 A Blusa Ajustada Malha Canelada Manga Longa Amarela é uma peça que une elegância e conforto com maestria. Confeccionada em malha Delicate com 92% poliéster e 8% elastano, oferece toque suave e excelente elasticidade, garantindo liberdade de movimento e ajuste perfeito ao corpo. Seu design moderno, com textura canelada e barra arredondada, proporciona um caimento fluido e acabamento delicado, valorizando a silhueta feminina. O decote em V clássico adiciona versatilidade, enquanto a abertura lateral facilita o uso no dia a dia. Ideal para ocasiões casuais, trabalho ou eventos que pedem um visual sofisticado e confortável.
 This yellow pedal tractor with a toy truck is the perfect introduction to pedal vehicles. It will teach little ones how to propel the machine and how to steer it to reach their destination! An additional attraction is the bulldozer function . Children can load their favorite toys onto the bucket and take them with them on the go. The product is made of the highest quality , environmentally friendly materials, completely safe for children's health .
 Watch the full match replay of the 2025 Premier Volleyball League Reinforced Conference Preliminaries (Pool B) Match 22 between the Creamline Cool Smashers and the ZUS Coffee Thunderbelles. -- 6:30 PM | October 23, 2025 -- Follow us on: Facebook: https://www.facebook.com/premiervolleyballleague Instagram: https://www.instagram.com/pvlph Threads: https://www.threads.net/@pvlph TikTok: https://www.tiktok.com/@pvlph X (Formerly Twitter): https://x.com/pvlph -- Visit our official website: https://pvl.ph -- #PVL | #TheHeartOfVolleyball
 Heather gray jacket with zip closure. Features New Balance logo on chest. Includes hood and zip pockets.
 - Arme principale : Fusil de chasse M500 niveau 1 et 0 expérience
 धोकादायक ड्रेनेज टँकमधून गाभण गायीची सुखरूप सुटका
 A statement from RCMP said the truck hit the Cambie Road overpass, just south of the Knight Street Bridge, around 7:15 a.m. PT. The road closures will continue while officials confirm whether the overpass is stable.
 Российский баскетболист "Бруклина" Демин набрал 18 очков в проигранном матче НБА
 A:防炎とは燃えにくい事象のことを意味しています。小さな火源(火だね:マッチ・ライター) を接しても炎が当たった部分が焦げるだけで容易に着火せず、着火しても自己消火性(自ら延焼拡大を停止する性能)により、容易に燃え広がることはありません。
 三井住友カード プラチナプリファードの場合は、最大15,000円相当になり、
---
### Directions
In the records, how many lines include the string "will"? The answer is that number alone.

### The answer
2